Antonelli overtook Hauger for the lead of the feature race on the opening lap, but Hauger reclaimed the position shortly afterwards. Maini, who started fourth, soon passed both drivers to claim first place. Most of the top ten then made pit stops to shed their soft-compound tyres, with the exception of Maini, who started on the harder compound, and eighth-placed Hadjar. Pole-sitter Hauger crashed on his lap out of the pits, causing a safety car deployment. This allowed Hadjar to make his pit stop and emerge ahead of all drivers who had pitted. Hadjar took the lead when Maini made his pit stop and claimed his first victory of the season, with the podium completed by Aron and Maloney, who made overtakes after their pit stops. Maloney held his lead of the Drivers' Championship, 15 points ahead of Aron.

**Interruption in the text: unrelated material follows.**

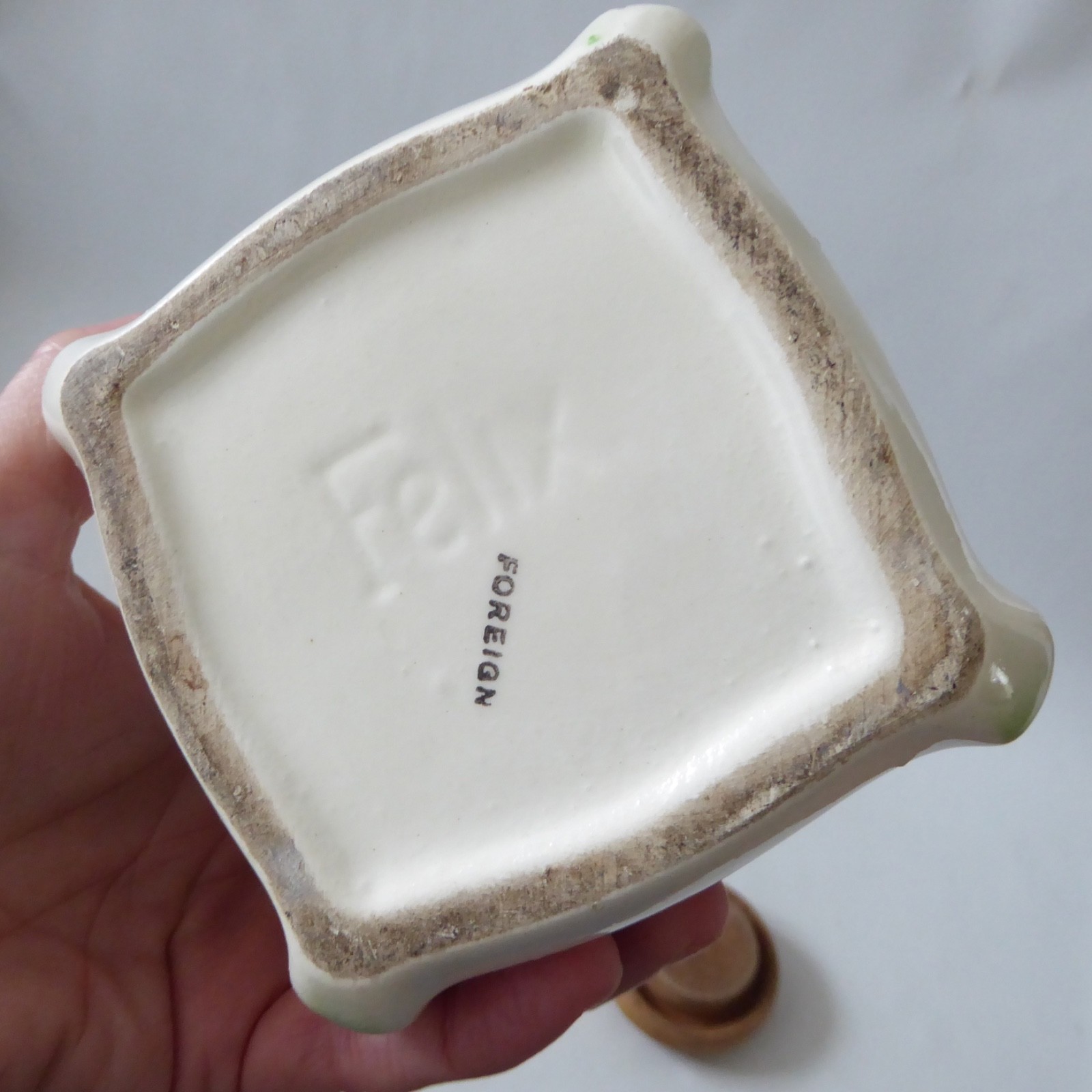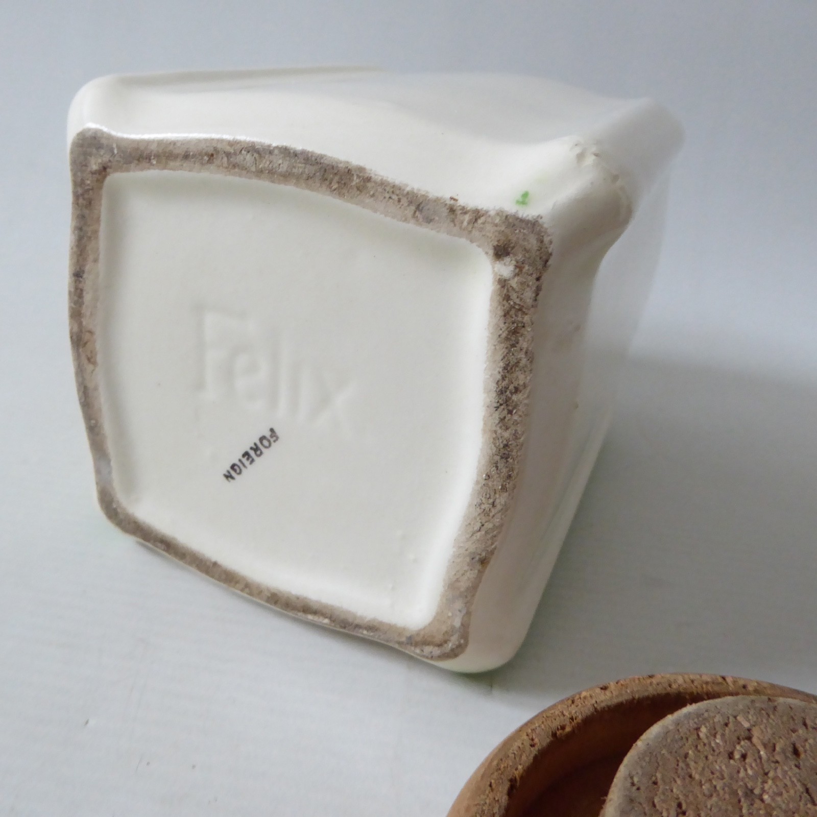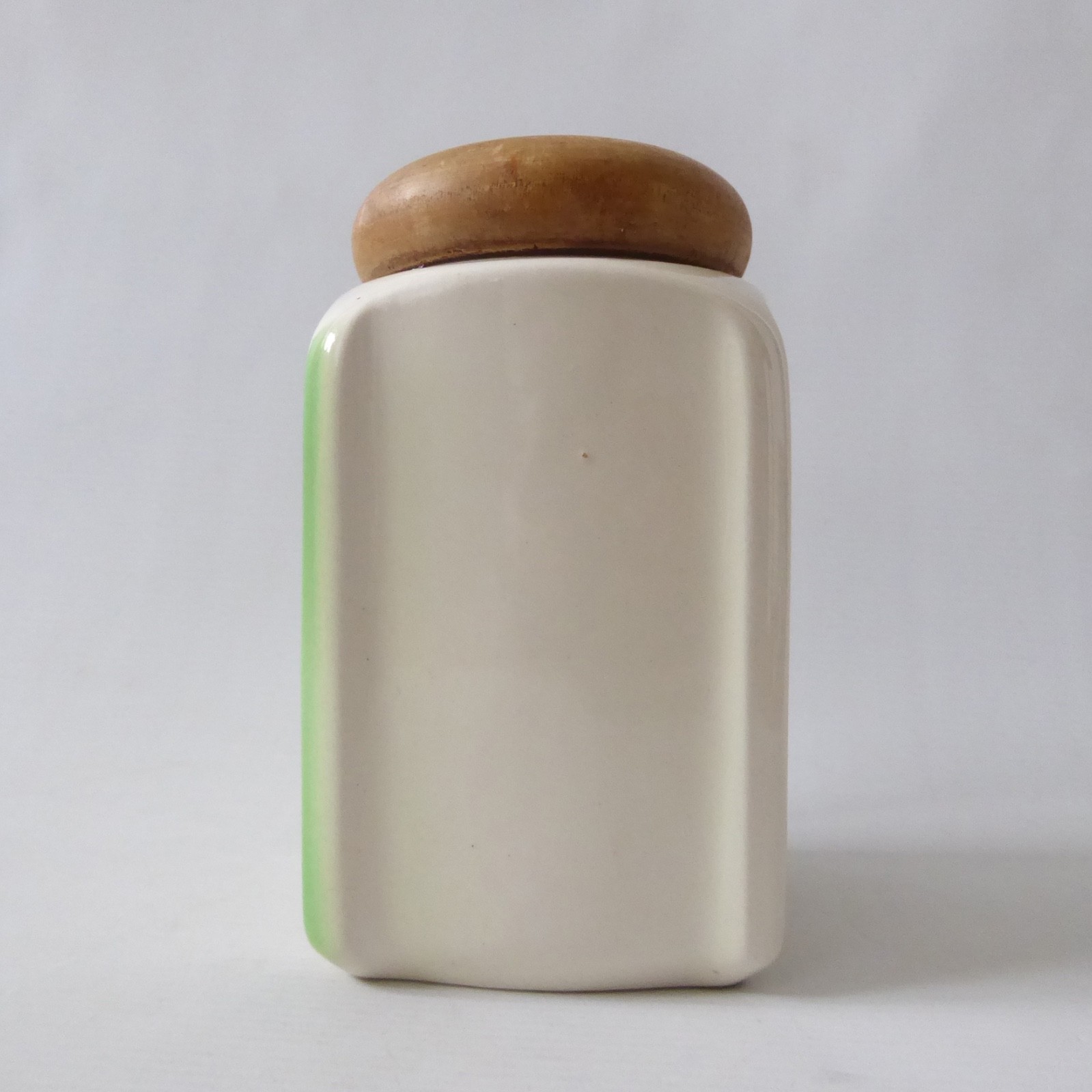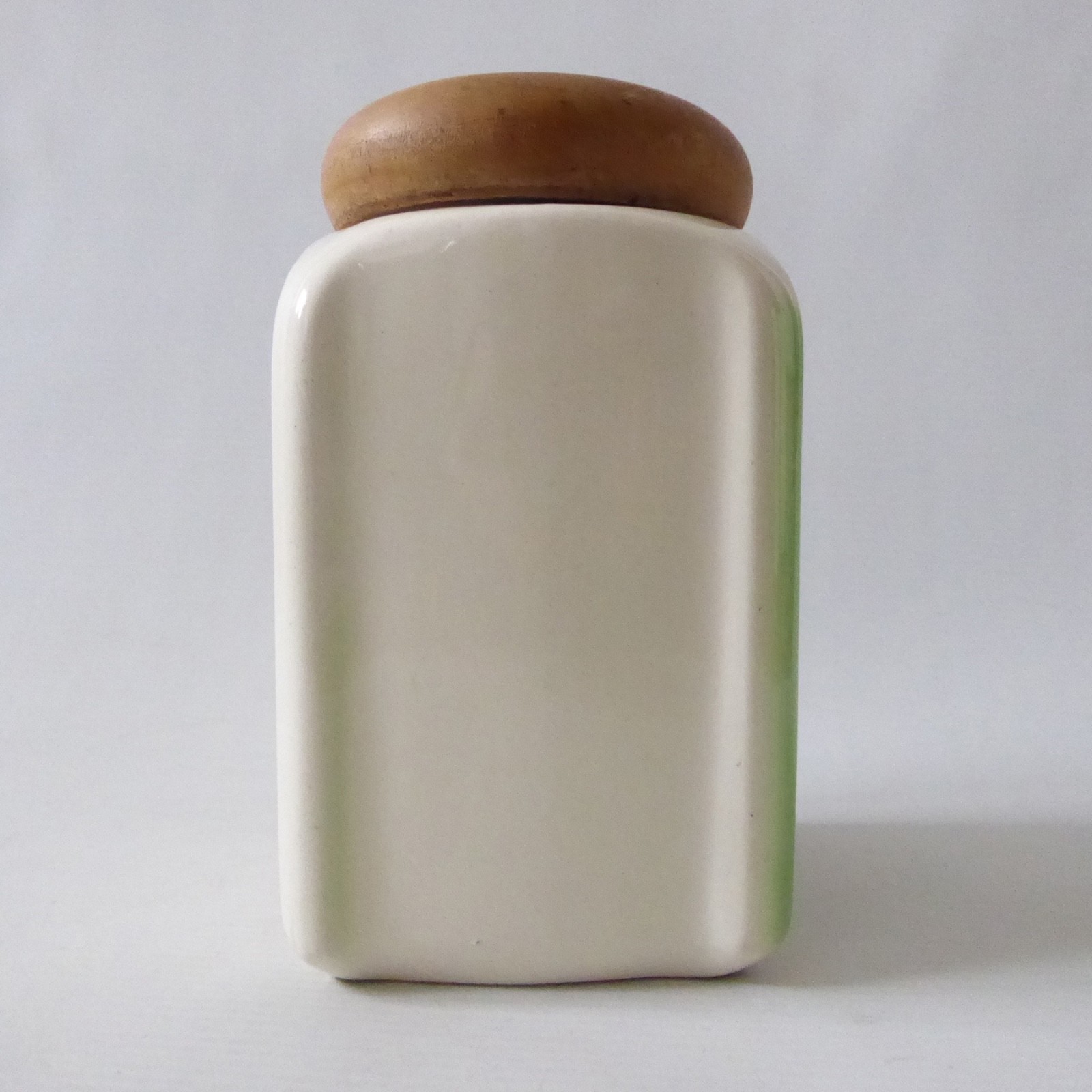 Cream glazed ceramic with green stylised decor to one side.

=== Round 4: Italy (Imola) ===

After three consecutive race retirements, Gabriel Bortoleto took pole position at Imola Circuit ahead of Oliver Bearman and Isack Hadjar. Amaury Cordeel started the sprint race from first place. On the first lap, Paul Aron took the lead from his teammate as a collision between Franco Colapinto, Roman Staněk, and Hadjar into the first corner led to several other incidents and eliminated the latter two, as well as Dennis Hauger, Enzo Fittipaldi, and Joshua Dürksen, necessitating the deployment of the safety car. Cordeel was overtaken for second place by Colapinto on lap 7, and again by Zane Maloney for the final podium position with three laps remaining. Aron held on to first place until the final lap, where he was passed by Colapinto around the outside at Tamburello corner. Colapinto claimed the fastest lap and his first Formula 2 race win.

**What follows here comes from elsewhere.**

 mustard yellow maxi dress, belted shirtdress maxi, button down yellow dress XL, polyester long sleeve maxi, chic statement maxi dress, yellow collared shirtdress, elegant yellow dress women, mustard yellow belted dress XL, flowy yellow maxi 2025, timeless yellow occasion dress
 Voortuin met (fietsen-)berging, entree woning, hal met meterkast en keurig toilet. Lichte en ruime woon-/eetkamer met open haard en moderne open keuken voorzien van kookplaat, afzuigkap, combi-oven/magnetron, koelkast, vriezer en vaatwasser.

A slow start from pole-sitter Bortoleto dropped him to fourth place at the start of the feature race behind Bearman, Hadjar and Dürksen. During the early pit stops, race leader Bearman stalled and dropped outside of the points, and Bortoleto regained a position from Dürksen. Later in the race, Cordeel and Pepe Martí were eliminated after their wheels were fitted improperly and detached in the pit lane. Hadjar crossed the finish line to win a second consecutive feature race. He was followed by Bortoleto, who claimed his first Formula 2 podium, and Dürksen, who achieved his team's first points finish since . Maloney retained the lead of the Drivers' Championship, with his advantage cut to five points over Aron.

=== Round 5: Monaco ===

Richard Verschoor took his maiden pole position in Formula 2 at the Circuit de Monaco, and Victor Martins set the fastest time in the second group to qualify second. Taylor Barnard started the sprint race from first place. Two safety car periods were called in the early laps; firstly when contact broke Martins's front wing at the first corner, causing him to hit the wall, and secondly when Pepe Martí crashed on lap six. With six laps remaining, contact involving championship leader Maloney, Zak O'Sullivan and Juan Manuel Correa caused Maloney to spin and Kush Maini to stall in avoidance, blocking the track and causing the race to be red-flagged. Barnard maintained his lead through both safety cars and after the race was resumed to take his first victory and points finish in Formula 2.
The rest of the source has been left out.